== THE TASK ==
In the entries below, find the line with "для стильных будней." and the line with "Классная кастрюля, со"; give again those lines and every line between them, exactly.

== LISTED ENTRIES ==

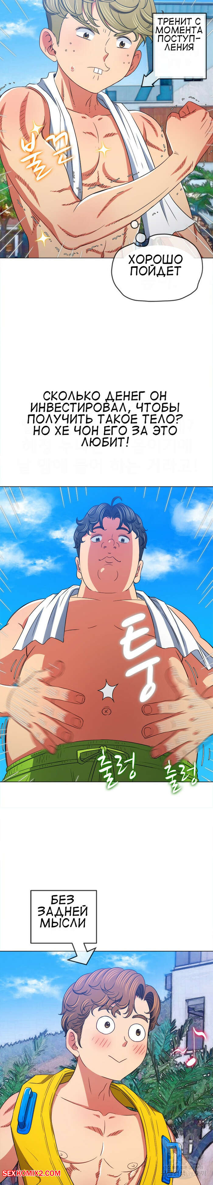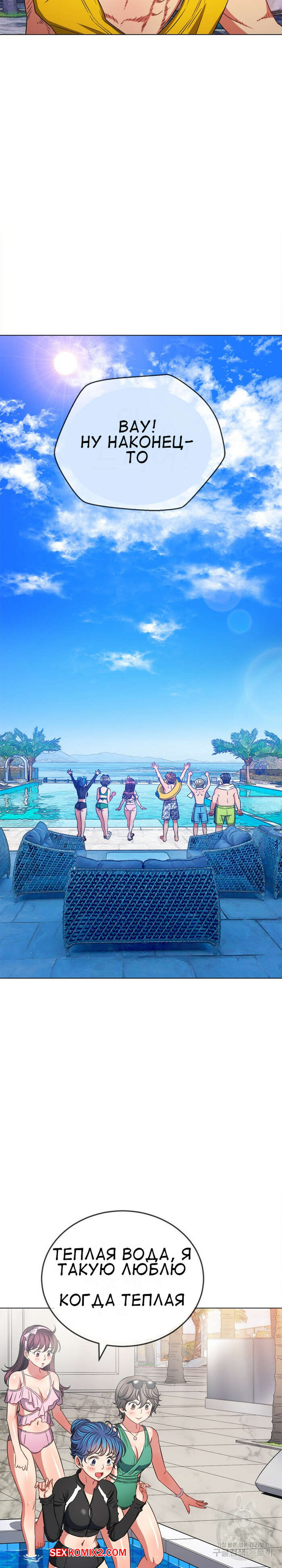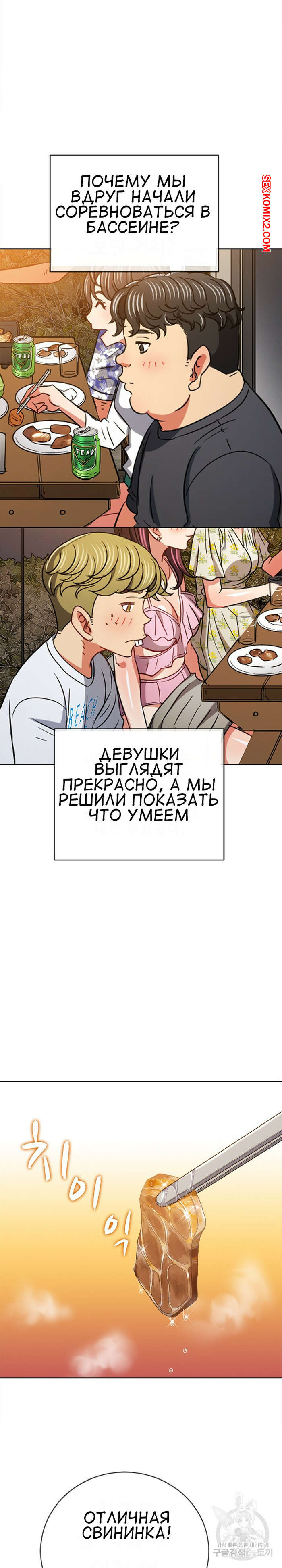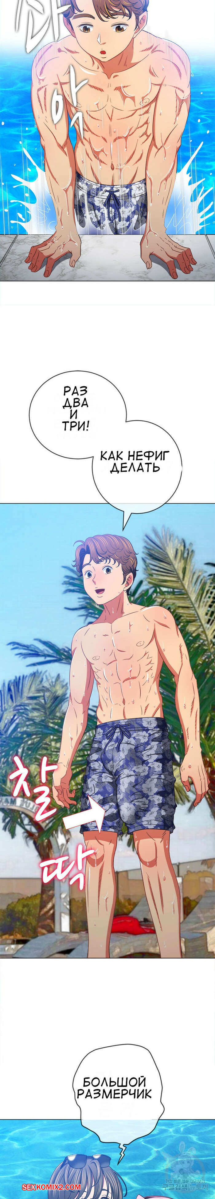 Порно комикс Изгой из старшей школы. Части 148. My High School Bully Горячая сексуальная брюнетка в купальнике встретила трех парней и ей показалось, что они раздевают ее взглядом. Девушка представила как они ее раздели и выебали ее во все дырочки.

--

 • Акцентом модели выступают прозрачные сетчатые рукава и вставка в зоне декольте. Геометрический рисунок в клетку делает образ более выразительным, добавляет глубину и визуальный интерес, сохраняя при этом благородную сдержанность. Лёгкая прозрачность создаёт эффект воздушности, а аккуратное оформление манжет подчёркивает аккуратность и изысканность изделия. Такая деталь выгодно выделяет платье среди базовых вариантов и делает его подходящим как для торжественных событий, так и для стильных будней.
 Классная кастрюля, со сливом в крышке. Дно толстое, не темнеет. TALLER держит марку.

== ANSWER AREA ==
 • Акцентом модели выступают прозрачные сетчатые рукава и вставка в зоне декольте. Геометрический рисунок в клетку делает образ более выразительным, добавляет глубину и визуальный интерес, сохраняя при этом благородную сдержанность. Лёгкая прозрачность создаёт эффект воздушности, а аккуратное оформление манжет подчёркивает аккуратность и изысканность изделия. Такая деталь выгодно выделяет платье среди базовых вариантов и делает его подходящим как для торжественных событий, так и для стильных будней.
 Классная кастрюля, со сливом в крышке. Дно толстое, не темнеет. TALLER держит марку.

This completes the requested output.